Europe is leading the way in this field though and has been manufacturing prefabs for decades.
“The market is more developed in Europe, where there are established factories that have been around for 40 years,” Heiko Jonkers says.
Forbes said construction in a factory, in a protected environment and with sophisticated equipment, “helps to create a more energy efficient house”.
“Many homeowners are building their homes to Passive House standard (first originating in Germany) as a means of being insured they will be getting a very efficient and comfortable house,” the magazine said.
“The time frame of completion depends on each design specification but it’s quicker than building on-site,” Jonkers says.
"For example, it could take six to eight weeks for a standard prefab design to be build, but 12 weeks for a more complicated design,” he said.
Prefabricated buildings can certainly be used for commercial constructions too.
“The Commercial Bay building in Downtown Auckland had elements of prefabrication that were completed in Whangarei” Jonkers says.
Housing New Zealand has been recognised by the Property Industry Awards for two of their apartment complexes in Auckland, which combined prefabs alongside traditional building methods.
“It shows that our homes can be of equal or better quality, and design standards, than homes built on the private market,” Housing NZ Construction Group General Manager Patrick Dougherty says.
“These developments are also a reflection of how we are employing components of off-site manufacturing alongside traditional building methods to deliver more homes for Kiwis in need,” he said.
Housing NZ has also been working on reducing construction programmes by up to half when delivering off-site manufacturing.
“We have used off-site manufacturing for many years – particularly during the Canterbury rebuild and Right Size programme, where smaller houses were extended to accommodate larger families.
“In 2016, an off-site manufacturing panel was established with tailored contracts, which has been contributing to our increasing use of off-site manufacturing,” they said to Build Magazine.
“We are absolutely loving our prebuilt home,” Gerald and Sally MacRae from Lorneville, Southland, say.
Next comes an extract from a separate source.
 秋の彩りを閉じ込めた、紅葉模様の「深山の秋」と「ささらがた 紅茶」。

“We chose it over traditional on-site construction because it was faster to build, more affordable, and left us with a smaller range of decisions to make.
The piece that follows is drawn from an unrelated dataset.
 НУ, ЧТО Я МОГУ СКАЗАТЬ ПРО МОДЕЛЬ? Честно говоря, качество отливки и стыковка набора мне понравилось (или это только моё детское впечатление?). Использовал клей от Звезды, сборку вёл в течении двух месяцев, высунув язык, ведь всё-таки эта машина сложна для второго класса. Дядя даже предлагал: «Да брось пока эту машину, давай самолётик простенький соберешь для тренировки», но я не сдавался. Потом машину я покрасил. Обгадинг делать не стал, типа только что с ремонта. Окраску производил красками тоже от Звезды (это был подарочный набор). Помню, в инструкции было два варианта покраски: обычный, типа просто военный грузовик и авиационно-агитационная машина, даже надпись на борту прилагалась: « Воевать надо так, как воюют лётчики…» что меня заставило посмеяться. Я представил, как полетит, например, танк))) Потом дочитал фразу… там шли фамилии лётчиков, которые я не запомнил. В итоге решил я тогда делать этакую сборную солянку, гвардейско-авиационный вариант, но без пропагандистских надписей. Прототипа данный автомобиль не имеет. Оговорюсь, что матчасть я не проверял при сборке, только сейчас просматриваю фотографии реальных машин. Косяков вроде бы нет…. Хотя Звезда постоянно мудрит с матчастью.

“Our house is 134m² which is big enough for the four of us, and it’s just a really good design.
“The living room, dining room and kitchen are open plan so it feels bigger than it is, and there’s very little wasted space.
“It’s energy efficient and amazingly warm, which is pretty important for a Southland winter.
“Considering we were all new to the process, Westpac were great to deal with.
“Jason Hughes from their Invercargill branch was awesome - very helpful and patient.
“Our two kids love the place as well. The novelty of living in a brand-new house hasn’t worn off for any of us, and probably won’t for a long time yet,” the Westpac prebuilt customers said.